- [COLLECTED MATERIAL]:
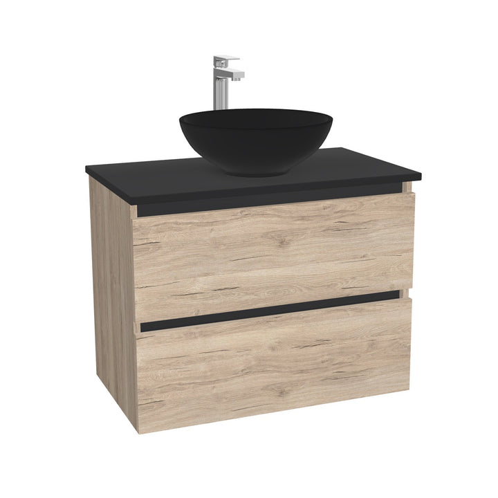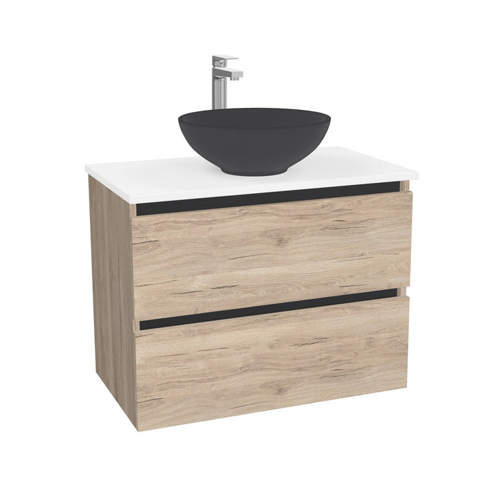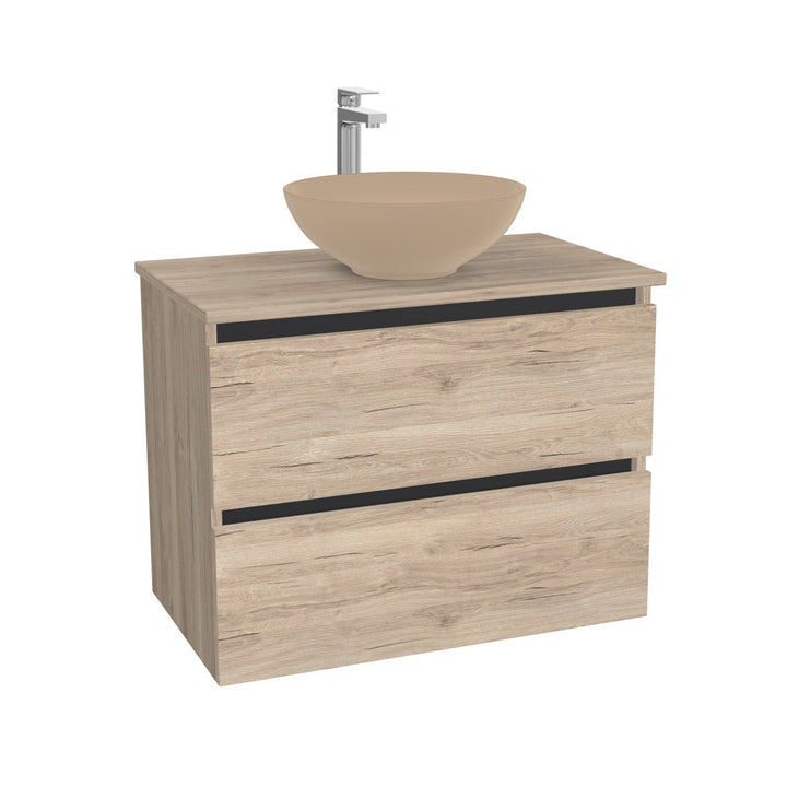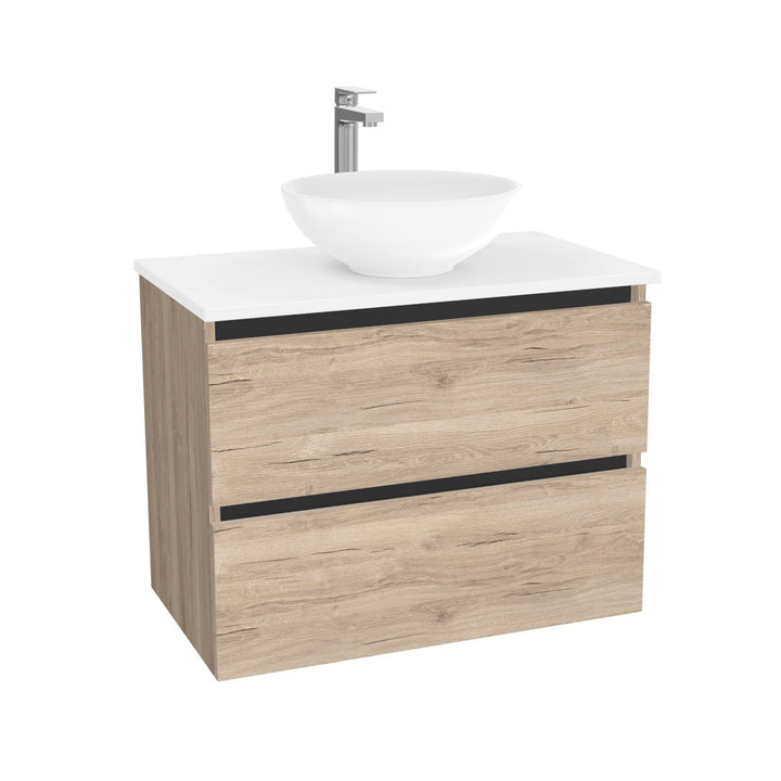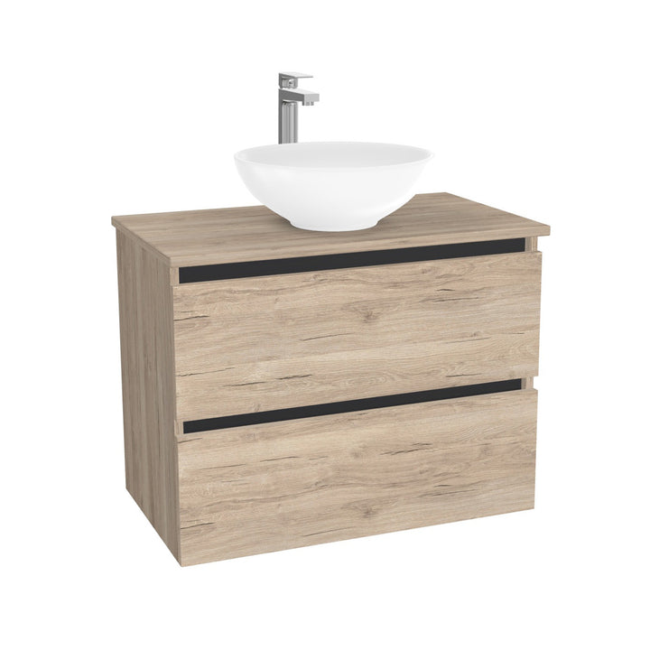 Bonn Badkamermeubel 80 cm Duitse Eik - Onderkast MDF - Softclose greeploos 2 lades Inclusief Toledo keramische waskom met wastafelblad
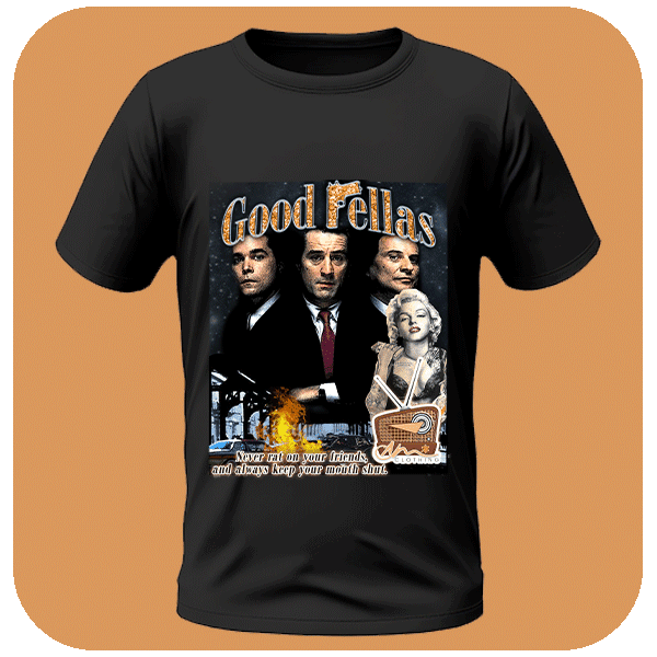 Koszulka Bootleg Goodfellas Wersja. Koszulka z postaciami z filmu Chłopcy z Ferajny. Koszulka Gangsterska Bootleg. Koszulka z nadrukiem.
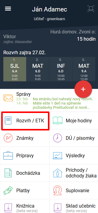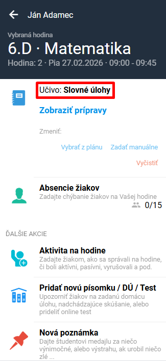 Učiteľ v triednej knihe vyberie učivo z plánu.
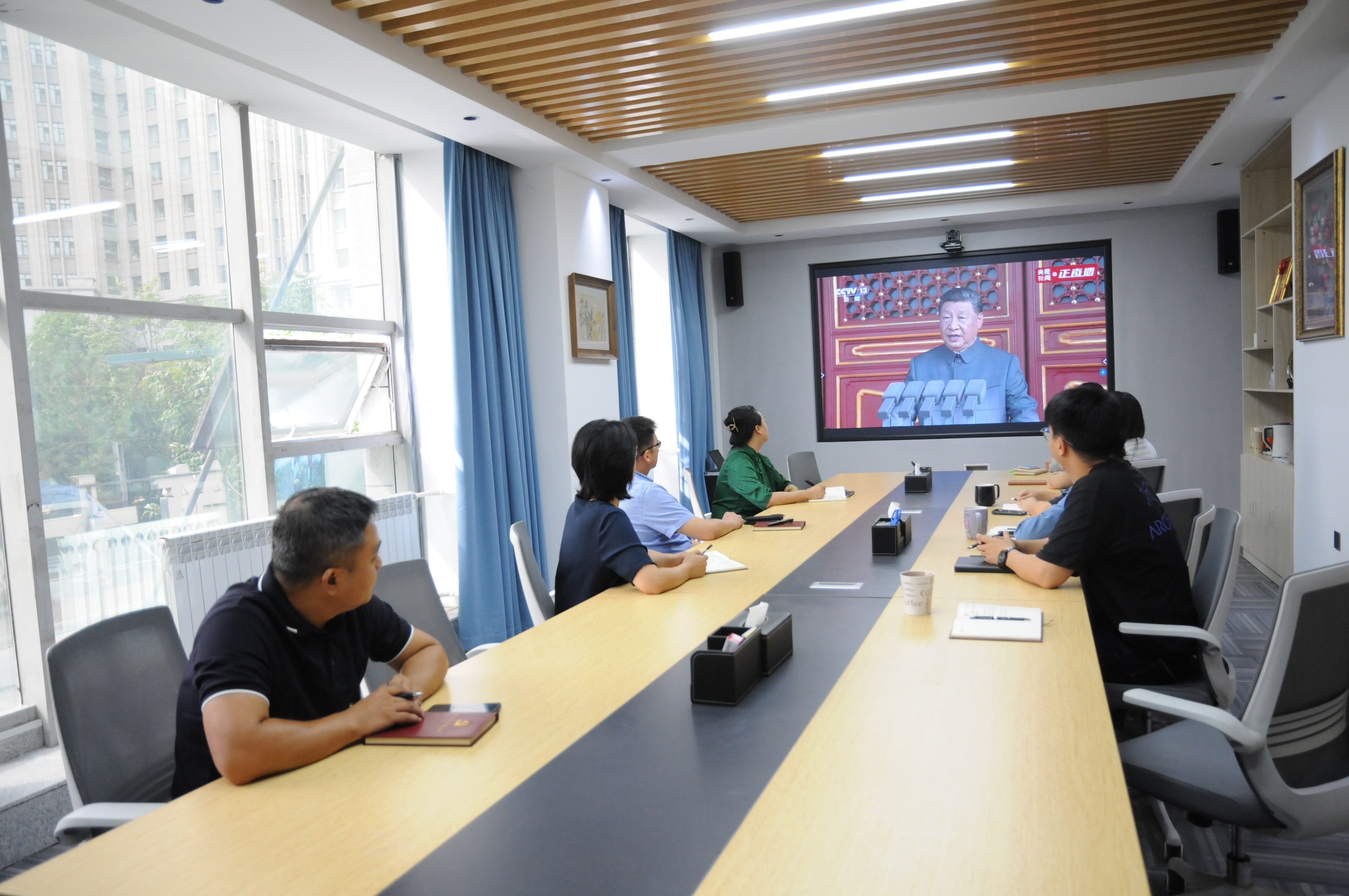 收看过程中,大家认真聆听习近平总书记的重要讲话精神,深刻领会中国人民抗日战争的正义性质与历史地位。随后,大家收看阅兵仪式,共同见证威武雄壮的受阅方阵、尖端先进的受阅装备与和平鸽展翅高飞的宏大场面。

- [TASK DETAILS]:
Starting with the first line of the data above, write out each line exactly up to and including the line that holds "Učiteľ v triednej". Pictures stay out.

- [SOLUTION TO THE PROBLEM]:
 Bonn Badkamermeubel 80 cm Duitse Eik - Onderkast MDF - Softclose greeploos 2 lades Inclusief Toledo keramische waskom met wastafelblad
 Koszulka Bootleg Goodfellas Wersja. Koszulka z postaciami z filmu Chłopcy z Ferajny. Koszulka Gangsterska Bootleg. Koszulka z nadrukiem.
 Učiteľ v triednej knihe vyberie učivo z plánu.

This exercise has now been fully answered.